There’s a long silence—a long silence, like no bird is ever going sing again, or squirrel chatter or wind blow. The green girl puts her fingers in her mouth and starts to bite her nails. I’m feeling pretty good. I know and she knows that I’ve won no matter what she says. If she tells me her name, I have total power over her, and if she doesn’t, she loses the game. I know what I’d choose if I was in her place, but I guess she must really, really hate losing.

Watching her sweat, I think of several things to say, most of them kind of mean. She’d say them, if she was me. I don’t.

It’s not like I’m Mother Teresa or anything—I’ve been mean plenty of times, and sometimes I wasn’t even sorry later. But she might lose her temper and turn me into a pigeon after all.

Besides, she looks so human all of a sudden, chewing her nails and all stressed out like she’s the one facing seven months of picking up fairy laundry. Before, when she was winning, she looked maybe twenty, right? Gorgeous, tough, scary, in total control. Now she looks a lot younger and not tough at all.

So maybe if she loses, she’s threatened with seven months of doing what I tell her. Maybe I don’t realize what I’m asking. Maybe there’s more at stake here than I know. A tiny whimpering behind my right ear tells me that Bugle is pretty upset. Suddenly, I don’t feel so great. I don’t care any more about beating the Queen of the Fairies at some stupid game.

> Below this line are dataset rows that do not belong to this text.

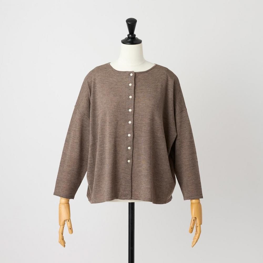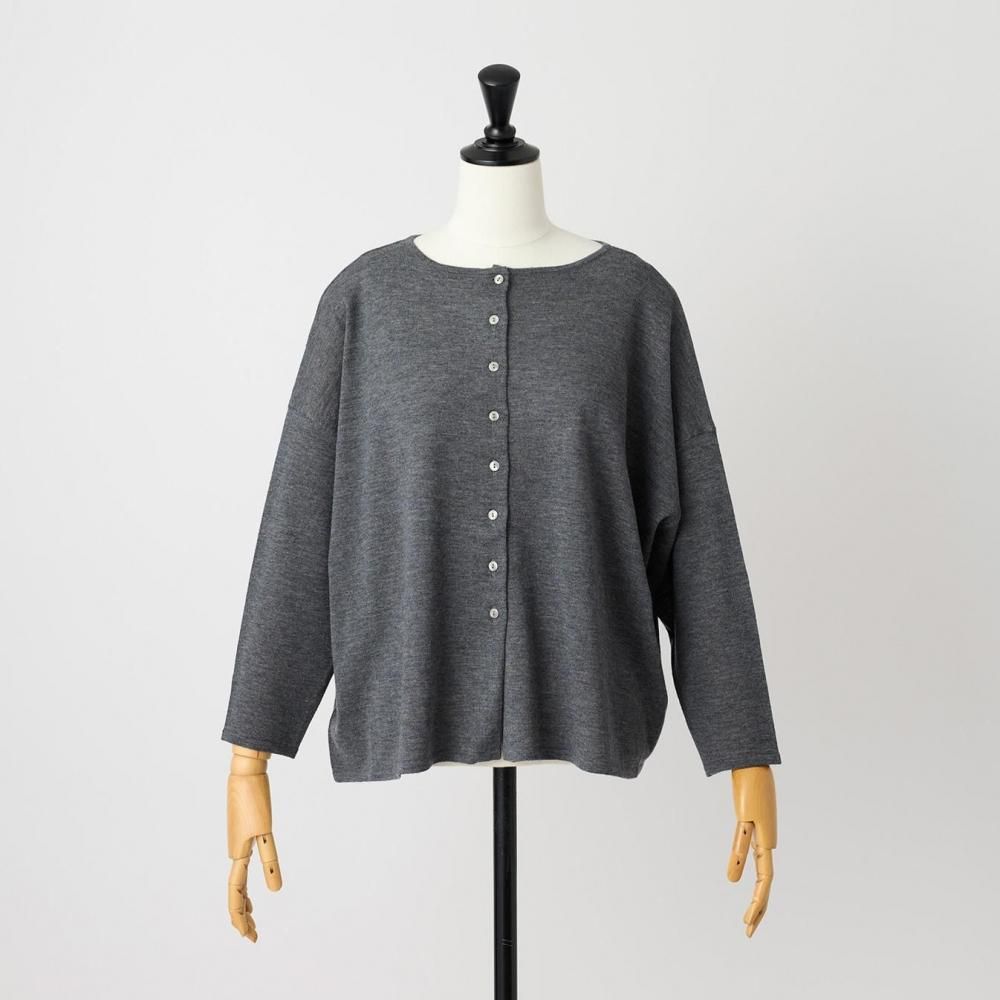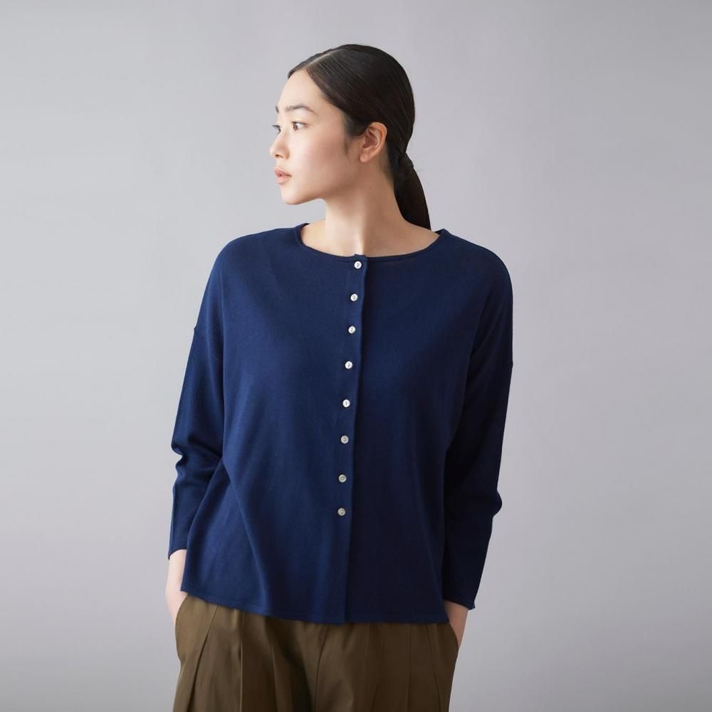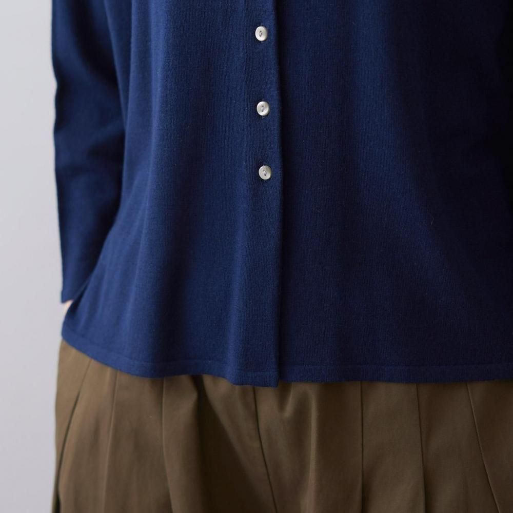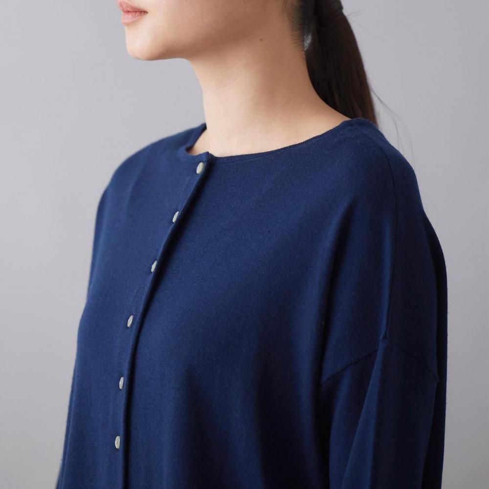 カーディガンとしてはもちろん、ボタンをすべて留めて後ろにまわせば、ワイドシルエットのプルオーバーとしても着られる便利なデザインです。
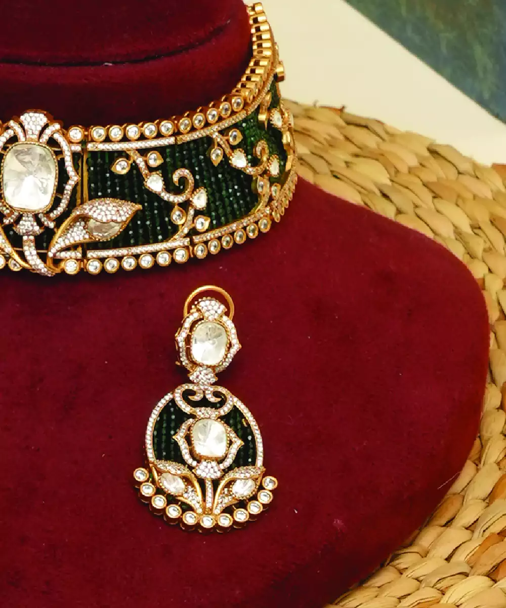 This Gold Plated Choker Necklace Set Features Rich Emerald Green Stones Set In An Intricate Design. The Luxurious Finish And Elegant Craftsmanship Make It Perfect For Weddings And Festive Occasions. It Sits Beautifully On The Neckline, Adding A Regal Charm And Elevating Your Traditional Look Effortlessly.
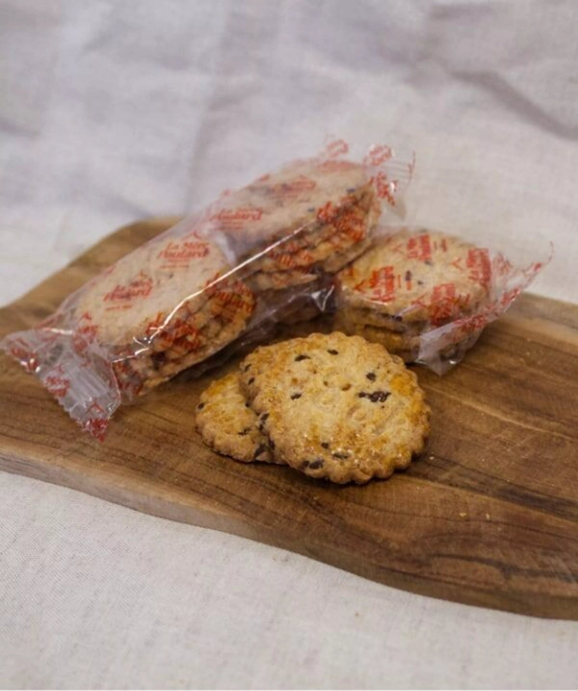 Mördegskakan och dess förföriska chokladbitar kommer att glädja dina smaklökar. Denna låda är perfekt för att glädja dina nära och kära. Denna låda innehåller 4 påsar med 8 kex.
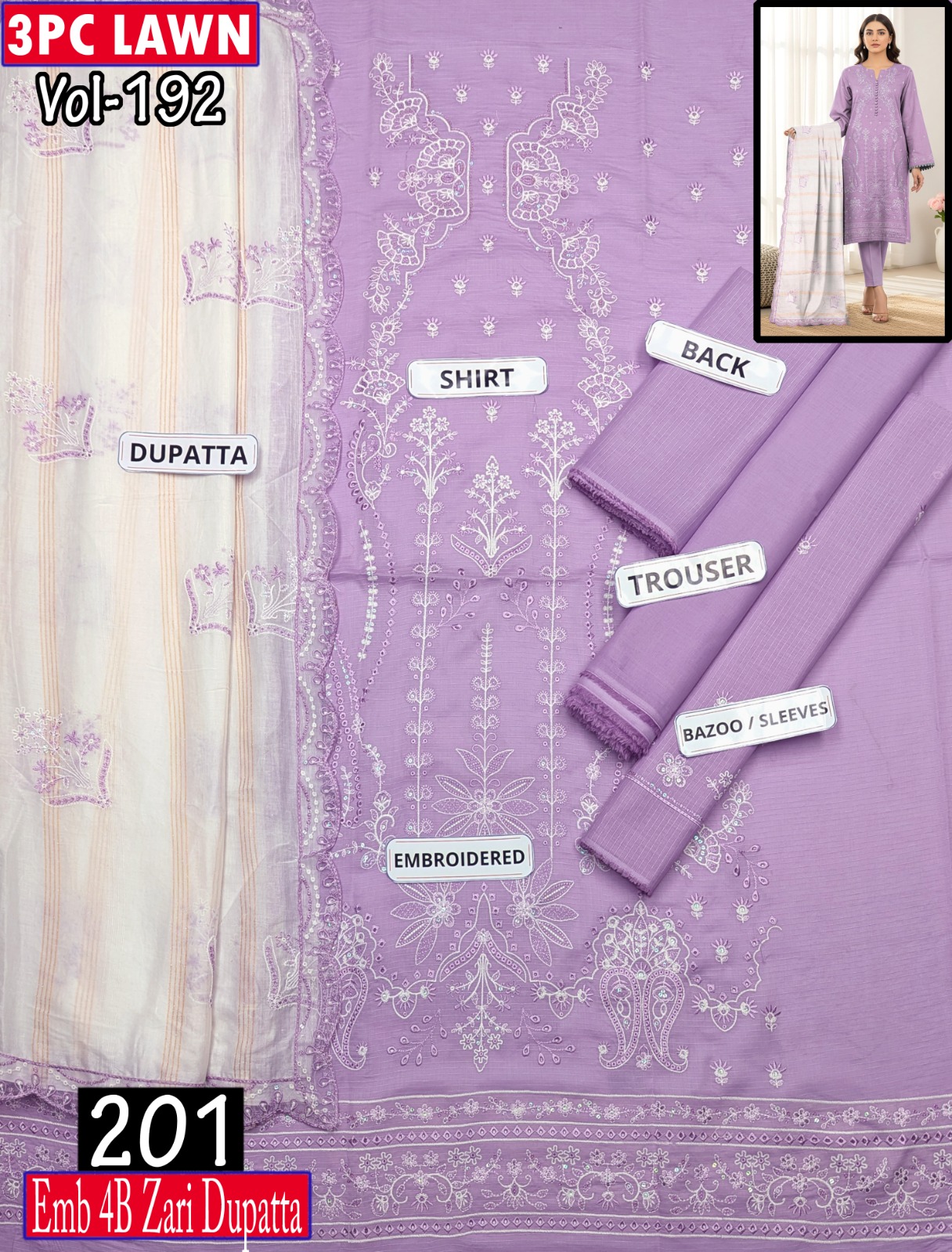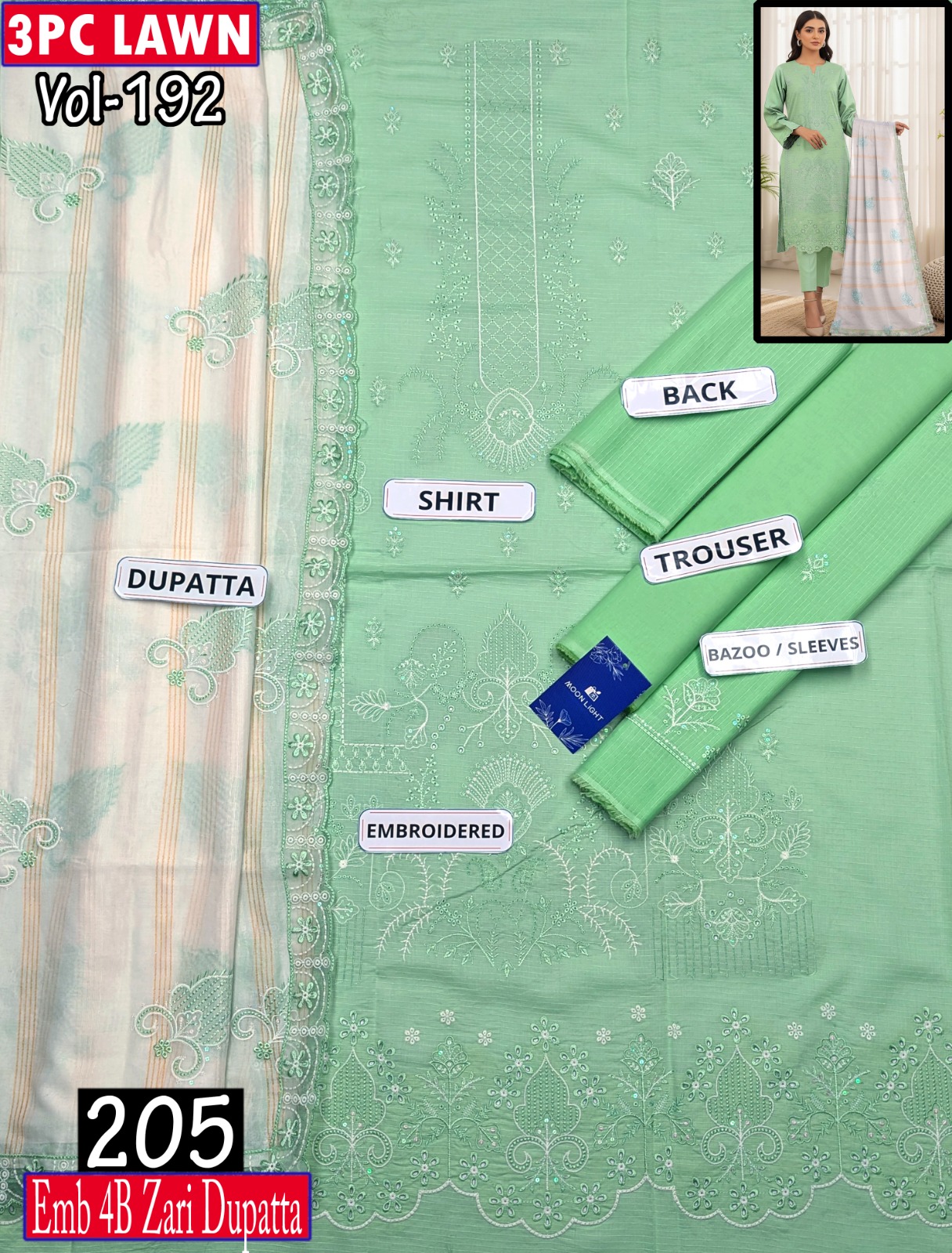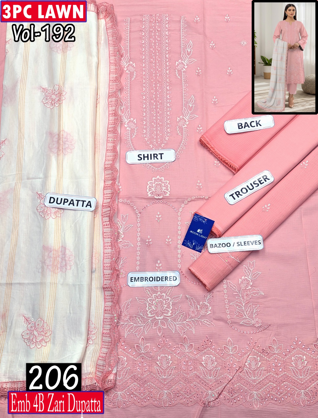 MOONLIGHT 3PC EMBR SEQUIN BANA DORA BOARING 4-BORDER ZARI DUPATTA VOL-192-Set Of 6 Dresses
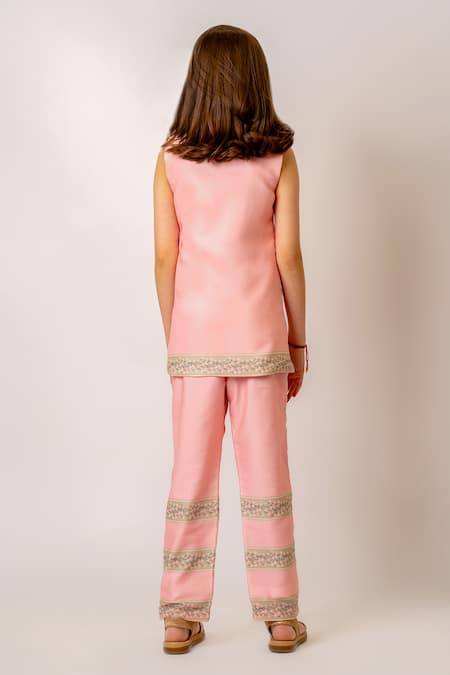 Buy_Pasha India_Pink Cotton, Rayon Embroidery Cherry Blossom Stripe Art Print Blazer With Pant _Online_at_Aza_Fashions
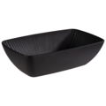 Rektangulær skål i svart farge fra serien Friendly fra APS er laget av melamin. Denne skålen er både holdbar og sikker å bruke, perfekt for ulike formål og serveringstilfeller.
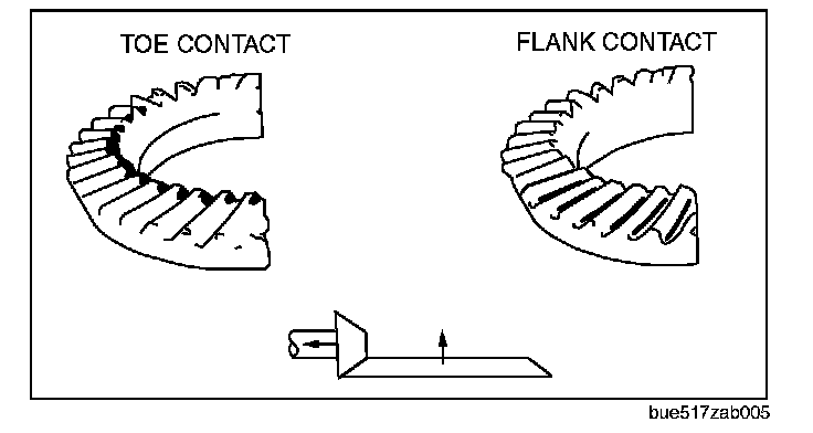 4) If toe and flank contact is indicated as shown in the figure, replace the drive pinion spacer with a thinner one to maintain the drive pinion further away.
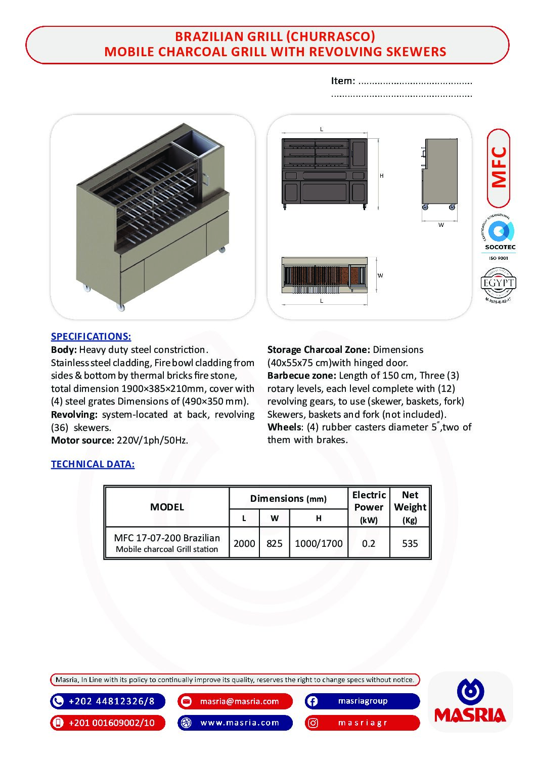 MODEL (MFC 17-07-200 Brazilian) – Dimensions (2000×825×1000/1700) – Electric Power 0.2 (K.W ) – .Net Weight 535 (Kg) .
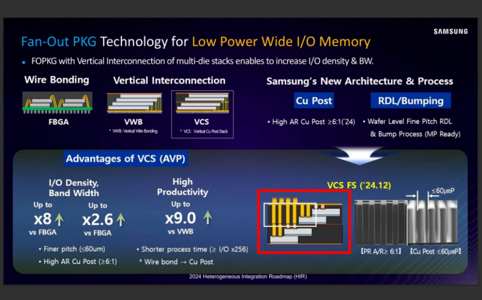 三星表示,VCS先进封装技术相较于传统引线键合,I/O密度和带宽分别提升8倍和2.6倍;相比VWB垂直引线键合,VCS技术生产效率提升9倍。
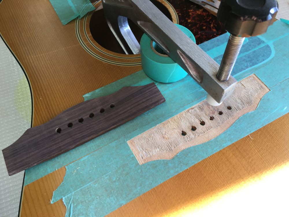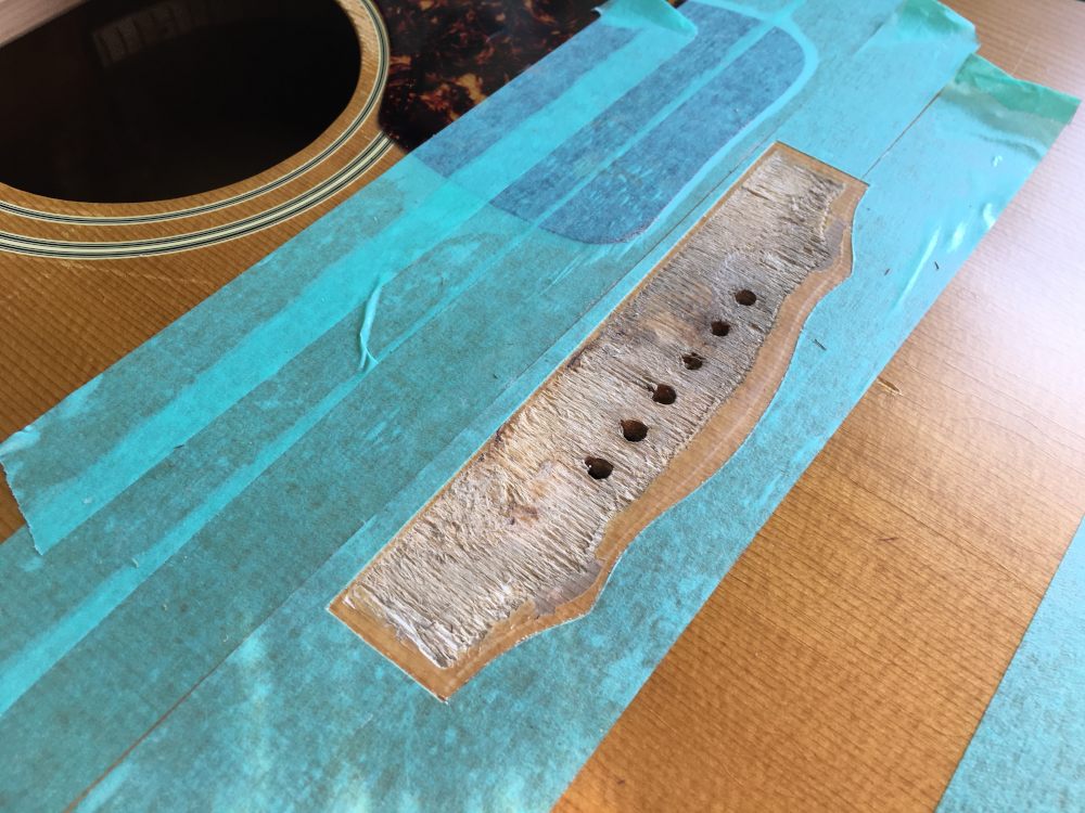 ブリッジ再接着をば。ブリッジ裏は現在のトップのアーチに近づけて研磨。正しく接着強度を出すためにもブリッジと同じ形に塗装を剥がしましょ。

I just want this to be over.

“Listen,” I say, and the green girl looks up at me. Her wide, mossy eyes are all blurred with tears. I take a deep breath.

“Let’s stop playing,” I say.

“We can’t stop,” she says miserably. “It has begun, it must be finished. Those are the rules.”

“Okay. We’ll finish it. It’s a draw. You don’t have to answer my question. Nobody wins. Nobody loses. We just go back to the beginning.”

“What beginning? When Gnaw-bone was chasing you? If I help you, you have to pay.”

I think about this for a little while. She lets me. “Okay,” I say. “How about this. You’re in a tough spot, right? I take back question, you’re off the hook, like you got me off the hook with Gnaw-bone. We’re even.”